THE CODING WORKSHOP, has launched a new, 21 Euro version of its Pocket DVD Wizard software package designed to convert personal DVD collections into files they can play back on a Pocket PC, or Portable Media Center. The new version includes a range of additional features including support for high resolution (VGA) devices, and the new Portable Media Centers such as the Creative Zen PMC.
NEC ELECTRONICS plans in 2005 to increase shipments of system chips for DVD recorders to 2.3 times the number shipped in 2003. System chips for DVD recorders comprise chips for handling analogue signal processing such as laser output control and chips for processing data read from the disc. The company, with a 42% global market share, shipped 16 million units in 2003, a figure it aims to boost to 24 million this year and 36 million in 2005. In November, it will begin shipping a chipset comprising two chips -- an analogue signal processor and a combination data processing unit and error correction microcontroller. In 2005, NEC aims to release the world's first product for 16x writing in any of the three recordable DVD formats.
JVC HAS ANNOUNCED that it has developed the world’s first single lens with a numeric aperture of 0.95. The ultra-small lens has a focal length of 0.75mm, and is 1.2mm in thickness and 2.1mm in diameter, about 25% smaller in lens surface area than the smallest Blu-ray disc system lens (NA of 0.85) the company has already developed. In principle, the new lens will enable reading of more than 40GB of data recorded on a 120mm-diameter single-layer disc. JVC will apply the lens to optical pickups for use with Blue-ray/DVD/CD discs as well as mobile devices.
NEW RESEARCH claims that in the UK the people of the North East industrial town of Newcastle spend the most money in Britain on DVDs andv CDs. On average people in the Newcastle area spent £79 on music and films in the past three months, compared with the UK average of £47. The most prudent are the Welsh, who spent just £25 in the same period, according to a survey by drinks group Thresher. Men spend twice as much on music as women - around £32 to women's £16 - but the sexes are slightly more equal when it comes to movies. Men invest around £25 a quarter to maintain their DVD library whereas women will fork out £20 on their favourite films.

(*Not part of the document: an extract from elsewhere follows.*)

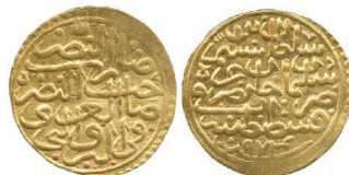
554 Selim II , Gold Sultani, Qustantiniya 974h, 3.44g (Pere 237). Extremely fine. £150-200

MP3 IS STILL the overwhelming favorite of file traders, but the once-universal format's popularity has been going quietly but steadily down in personal music collections for the last year. According to researchers at The NPD Group's MusicWatch Digital who track the contents of people's hard drives, the percentage of MP3-formatted songs in digital-music collections has slid steadily in recent months, down to about 72 percent of people's collections from about 82 percent a year ago.
PRICE CUTS for the popular iPod digital music player and traditional DVD players accelerated price declines for US consumer electronics in August, according to a study prepared for Reuters. Overall, prices fell 2.1 percent from July for the more popular consumer electronics goods, according to NPD Consumer Electronics Price Watch. The price for a market basket of the 27 most popular electronics goods fell to $11,979 in August, the first time the basket has fallen below $12,000 since its inception in January 2003.
COUNTERFEITING WORLDWIDE in September topped at $212,435,492 of which digital media (CDs, DVDs, VCDs) stood at 11.7%. Counterfeiting as a whole was up 378 percent from August as per a survey by Canada’s Gieschen Consultancy. The survey states that China stood out with no specific incident being reported, whereas the United States takes the lead in counterfeit enforcement activity at 73%, followed by India (11%), Nigeria (9%), and the United Kingdom (4%).